ARM Holdings was London's best-performing blue-chip today, boosted by bid speculation and strong results from American giant Intel.

The microchip designer has long been touted as a bid target, and this time it was said to be on the shopping list of Intel, which delivered bumper profits last night. One trader was sceptical, however. "We reckon if Intel were bidding it would take two years to pass the antitrust laws," he said.

There has also been wild speculation this year that iPad maker Apple was taking a look at Arm — a rumour on which dealers poured scorn. Either way, Intel's strong figures were seen as positive for Arm, helping its shares up 11.3p to 320.3p.

Goldman Sachs raised its price target for the stock from 260p to 350p, although it kept a "neutral" rating.

The rest of the chipmakers were also boosted, with CSR 10p dearer at 401.8p and Imagination Technologies Group 3.7p higher at 323.3p.

The FTSE 100's six-day rally looked set to end today, with the benchmark losing 25.96 points to 5245.06. The mood wasn't helped by news that borrowing by Spanish banks from the European Central Bank surged in June to another high.

GlaxoSmithKline was under the spotlight amid speculation that the drugs giant has agreed to settle the majority of lawsuits which claimed that its diabetes drug Avandia causes heart attacks and strokes. Bloomberg claims it is coughing up around $460 million (£301 million) to resolve the cases. GSK's shares ticked up 3½p to 1180p.

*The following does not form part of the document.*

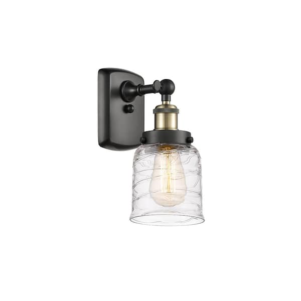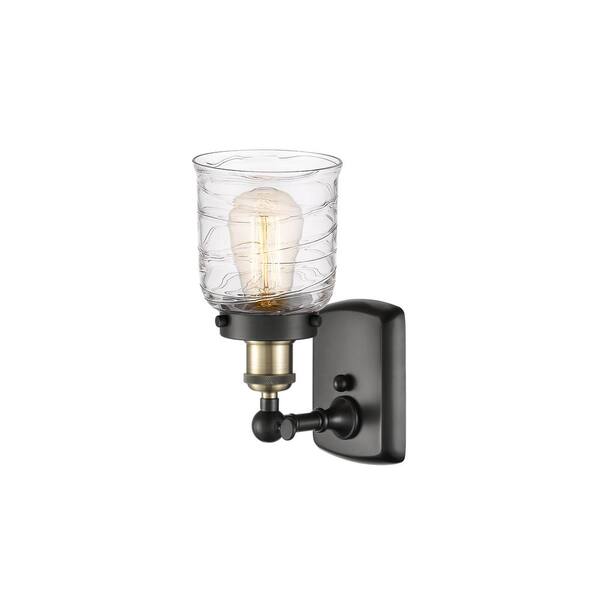 Bell 1-Light Black Antique Brass, Deco Swirl Wall Sconce with Clear Glass Shade
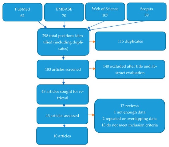 Figure 3 shows the flow diagram depicting the process of selecting studies for systematic review and the search strategy. A total of 298 items were found after a search of four databases. In all, 115 of these items were excluded as duplicates. After assessing their titles and abstracts, a further 140 articles were excluded as inaccurate/unrelated to the subject of the study. Finally, 43 articles were fully reviewed for eligibility. Of these, 33 were excluded for different reasons, as shown in Figure 3. Ten studies met the inclusion criteria and are presented below [,,,,,,,,,].

Rival drug maker Shire shot up 26p to 1489p. Credit Suisse has upped its rating on the shares to "outperform", arguing that the company provides "topline growth at a reasonable price".

Compass Group, the caterer keen to distance itself from its past when it fed Turkey Twizzlers to the nation's schoolchildren, jumped 10½p to 563p. Citigroup advised snapping up Compass, saying its shares looks more attractive than those of French rival Sodexo.

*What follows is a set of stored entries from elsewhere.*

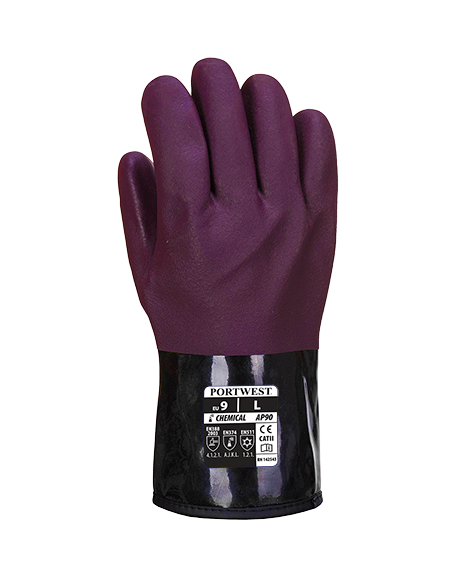 Presentamos el último guante resistente a sustancias químicas que protege en hostiles ambientes fríos. Este guante tiene un forro de polar para una comodidad superior. El doble recubrimiento tiene un acabado rugoso en la palma que proporciona un agarre superior en entornos con aguas o aceites.
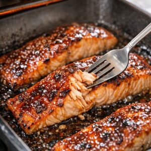 - Return the pan to the broiler for another 3 minutes. The salmon should start flaking slightly at the edges if you test it gently with a fork. The sauce will deepen in color.
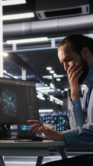 Vertical Server room IT specialist frustrated by difficult complex tasks in office. Stressed engineer developing neural network software while working extended hours in data center, camera A Pro Video

"We prefer Compass for its superior growth, higher margins, scope for bolt-on acquisitions and higher exposure to a cyclical recovery," said Citi.

Aggreko dropped 20p to 1617p after the temporary power company's shares hit a year's high yesterday. Its shares have been boosted this month by vague speculation that a possible predator might be taking a look, with Swiss giant ABB mooted last week.

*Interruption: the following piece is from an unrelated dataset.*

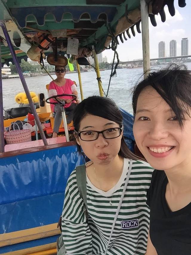 我们四个聚在一起后已经是中午12点多了….为了节省时间,所以我们直接从酒店打车去到了湄南河的乘船码头…..听旅舍的小伙子说,乘船去大皇宫是个不错的选择….买了四人票,刚开始的时候要2500泰铢…..后面我们都以学生很穷的姿态讨价还价压到了2000泰铢….其实应该可以再便宜一点….因为在泰国,讨价还价真的是很正常的事情….毕竟旅游胜地,借着语言不通的优势…..本地人多少会有点小坑…..

Hedge-fund giant Man Group also benefited from bid talk. Its shares nudged up 1.6p to 222.6p on speculation that Man could have found itself on the shopping list of a US bank. Bank of New York Mellon was one name being touted as a possible suitor, with talk of a 320p-a-share bid.

Icap shed 22.3p to 413.9p after the interdealer broker said volumes had slowed last month, following a busy May. But elsewhere in the financial sector, an update from emerging markets fund manager Ashmore was better received. It shares leapt 12p to 276p after reporting that assets under management had risen by 7% to $35.3 billion, beating City forecasts, thanks to investors flocking back.

Also on the mid-tier, ITV lost 2p to 52½p owing to advice from Bank of America Merrill Lynch's analyst Daniel Kerven — a long-term critic of the Coronation Street broadcaster's "free-to-air" policy — to ditch the shares.

Checks were out of style in the City, with fashion house Burberry retreating 18½p to 800p. Deutsche Bank has cut its rating on the shares from "buy" to "hold" after the luxury label's trading update yesterday.